Previous data are stored in the ChromaDB.
the generated context is added to the prompt and asked to the LLM.
Mistral returns the generated answer to Chainlit.

Advantages of This Architecture:

Persistence: ChromaDB ensures that our knowledge base persists between sessions
Relationship Awareness: The graph structure captures explicit relationships between pieces of information
Semantic Search: Sentence embeddings enable finding relevant information even with different phrasing
User-Friendly Interface: Chainlit provides an intuitive chat interface for interacting with the system

Let’s dive into each component and understand how they work together, which all be defined in just 3 scripts: `chainlit_app.py`, `rag_implementation.py`, and `graph_embedding.py`.

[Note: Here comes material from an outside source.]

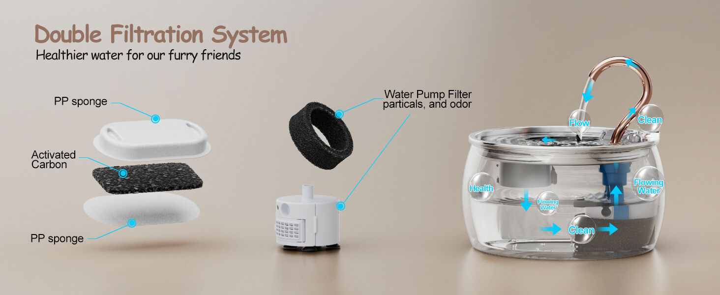 - Double Filtration System: The double-layer filtration system effectively removes impurities, eliminates odors, and softens the water quality, providing your pet with clean and fresh water.

The knowledge we are adding can be represented by the following graph of relationship:

Chainlit Interface

The Chainlit is an opensource Python library to deploy easily chatbot with user-friendly interfaces. To launch locally you need a file e.g. “chainlit_app.py” which is launched from the command line as “chainlit “chainlit_app.py”. You can also deploy it on image to run on a AWS EC2 instance:

Therefore, in the proposed application, the chainlet app contains the main launches. Ideally, the added knowledge in the graph-RAG is decoupled from the actual prompting, especially since we store this knowledge in a Chroma database. In this example, we simplify this, and a single script augments the knowledge and the prompting first. More specifically, here I have hardcoded some knowledge in the initialize_knowledge_base() but this can be automatically read from documents (this is the part that can be decoupled), and then there is an asynchronous function waiting for inputs from the user.

import chainlit as cl
from rag_implementation import MistralRAGSystem

## Initialize RAG system
rag_system = MistralRAGSystem()

## Pre-populate knowledge graph with some initial data
def initialize_knowledge_base():
    knowledge_items = [
        {
            "id": "ai_basics",
            "content": "Artificial Intelligence is a broad field of computer science focused on creating intelligent machines that can simulate human-like thinking and learning capabilities.",
            "metadata": {"category": "introduction", "difficulty": "beginner"}
        },
        {
            "id": "ml_fundamentals",
            "content": "Machine Learning is a subset of AI that enables systems to learn and improve from experience without being explicitly programmed, using algorithms that can learn from and make predictions or decisions based on data.",
            "metadata": {"category": "core_concept", "difficulty": "intermediate"}
        }
    ]
    
    for item in knowledge_items:
        rag_system.add_knowledge(item["id"], item["content"], item["metadata"])
    rag_system

## Initialize knowledge base
initialize_knowledge_base()

@cl.on_chat_start
async def start():
    await cl.Message(content="RAG System with Mistral is ready! How can I help you today?").send()

@cl.on_message
async def main(message: cl.Message):
    # Check if the message is a knowledge addition command
    if message.content.startswith("/add_knowledge"):
        # Parse the message to extract node_id and content
        parts = message.content.split(maxsplit=3)
        if len(parts) < 3:
            await cl.Message(content="Usage: /add_knowledge <node_id> <content>").send()
            return
        
        node_id, content = parts[1], parts[2]
        rag_system.add_knowledge(node_id, content)
        await cl.Message(content=f"Added knowledge node: {node_id}").send()
        return

    # Regular query processing
    # Augment the query with relevant context
    augmented_query = rag_system.augment_query(message.content)
    
    # Generate response
    response = rag_system.generate_response(augmented_query)
    
    # Send the response back to the user
    await cl.Message(content=response).send()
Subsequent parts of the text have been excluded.